Predictive biomarkers are biometric measurements that subdivide patient populations into groups which draw differing benefits from a given treatment. These biomarkers therefore play an important role in precision medicine: as indicators of treatment effect modification, they can inform patient treatment decisions. Predictive biomarkers may also be used for drug target discovery, leading to an improved understanding of novel medications’ functioning.

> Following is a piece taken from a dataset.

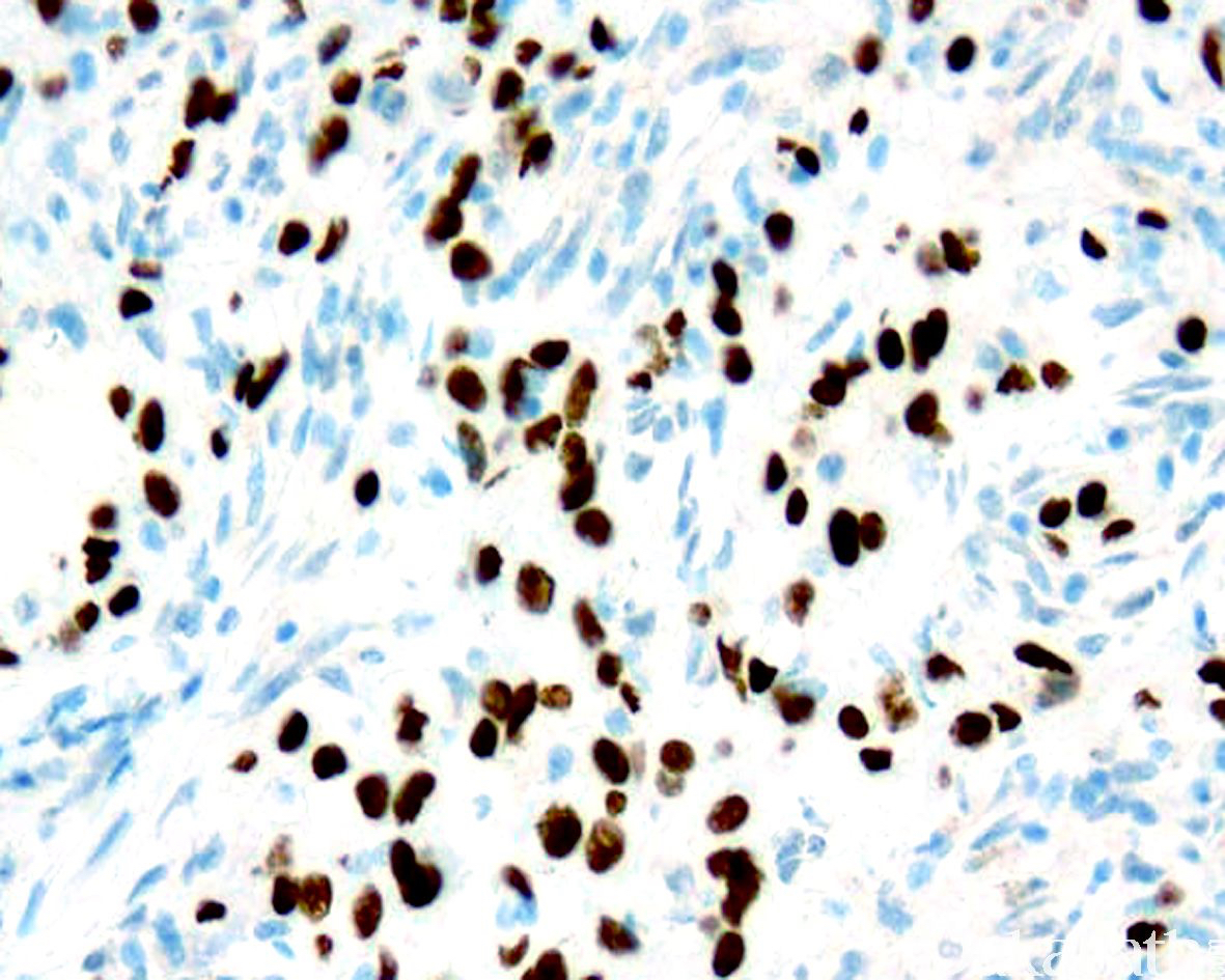 肿瘤细胞表达 ERG,CD34,CD31,Fli-1(诊断 EHE 至少需要 1 个以上的血管内皮细胞标志物阳性),约 25%的 EHE 表达 CK(局灶或弥漫),一般不表达 EMA,部分可表达 D2-40, 约半数可表达 SMA;伴有 WWTR1-CAMTA1 基因融合的 EHE(约 85%-90%)弥漫核表达 CAMTA1, 伴有 YAP1-TFE3 基因融合的 EHE(< 5%)弥漫核表达 TFE3,但 TFE3 阳性对于诊断 YAP1-TFE3 融合的 EHE 并不特异,需要 FISH 证实,因少数伴有 WWTR1-CAMTA1 基因融合的 EHE 亦可表达 TFE3

The discovery of predictive biomarkers through statistical techniques has, to date, largely been a byproduct of treatment rule estimation. As implied by its name, this tasks consists of learning which treatment would most benefit a patient given their characteristics. These characteristics could include, but are not limited to, potentially predictive biomarkers. When interpretable statistical learning methods are used to estimate these rules, biomarkers found to be “important” might be declared predictive. For example, estimation methods based on regularized linear regression might define a biomarker as predictive if its treatment interaction coefficient estimate is non-zero (Tian et al. 2014).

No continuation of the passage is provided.